Milestone 3.5.1 — Context Assembly Engine Skeleton (Python gRPC Server)

Status: Planned
Goal: 3.5 — Context assembly engine
Phase: 3 — Memory Engine and Operator Platform
Estimated effort: 3 days
ADR required: ADR-0038 — Context assembly service design and gRPC contract


Why This Milestone Exists

The context assembly engine is the most architecturally significant addition in Phase 3. It sits on the critical path of every LLM request. In Phase 2, the proxy handled directive injection inline (a Redis lookup). In Phase 3, context injection is far more complex — it involves querying memories, scoring and ranking hundreds of candidates, and fitting them within a model-specific token budget. This logic is too complex, too Python-heavy (ML scoring, tiktoken, numpy), and too likely to change to live inside the Go proxy.

The correct architecture is a dedicated Python gRPC service. The proxy calls it with the agent ID, session ID, current messages, and target model. The service returns enriched messages ready to send to the LLM.

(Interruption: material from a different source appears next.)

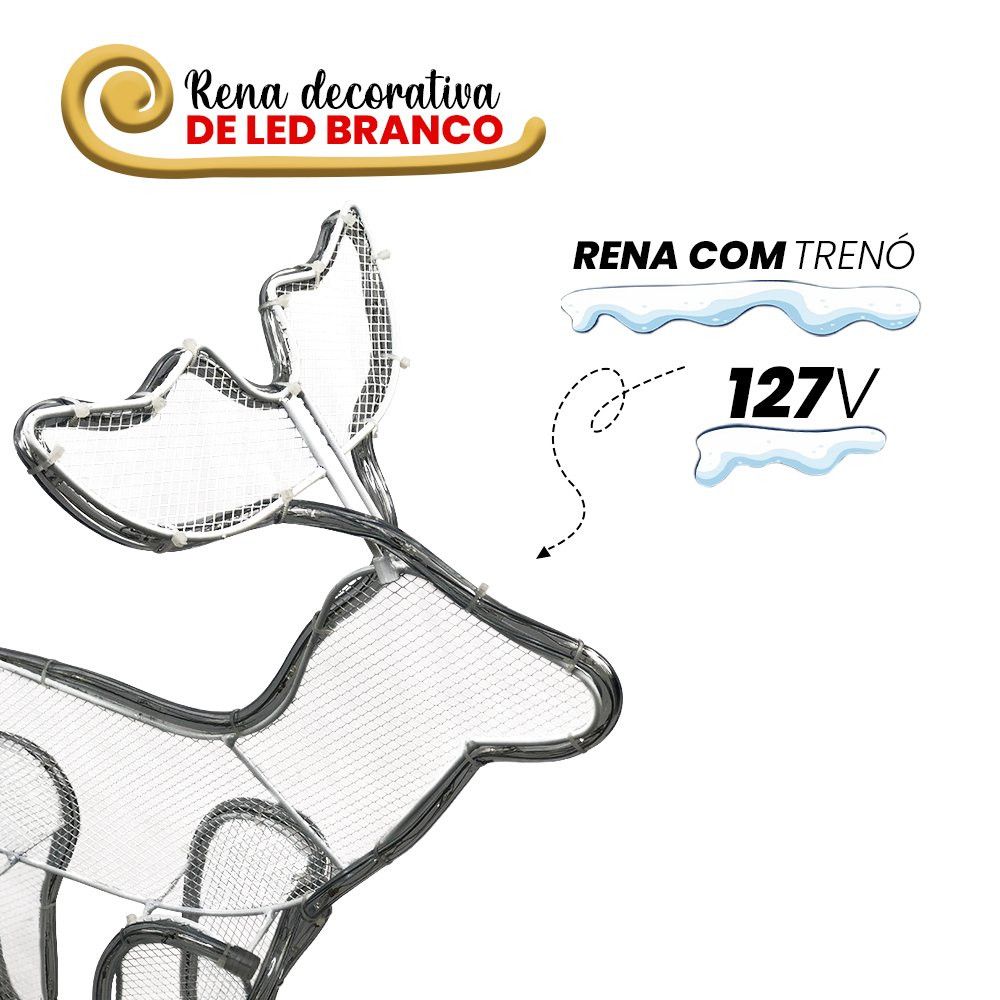 01 ARMAÇÃO COM RENA E TRENÓ DE LED 127V À PROVA D’ÁGUA

This milestone establishes the service skeleton, protobuf contract, gRPC server, and the proxy-side Go client — without the domain logic (scoring, packing) which comes in later milestones.


Non-Goals

  • Memory scoring algorithm (3.5.4)
  • Greedy knapsack packing (3.5.5)
  • Context formatting logic (3.5.6)
  • Proxy hot-path integration (3.5.7)
  • Compression/summarisation of large contexts (Phase 4)

Branch

feat/m3-5-1-context-assembly-skeleton

PR Title

feat(context): context assembly gRPC service skeleton and proto contract (m3.5.1)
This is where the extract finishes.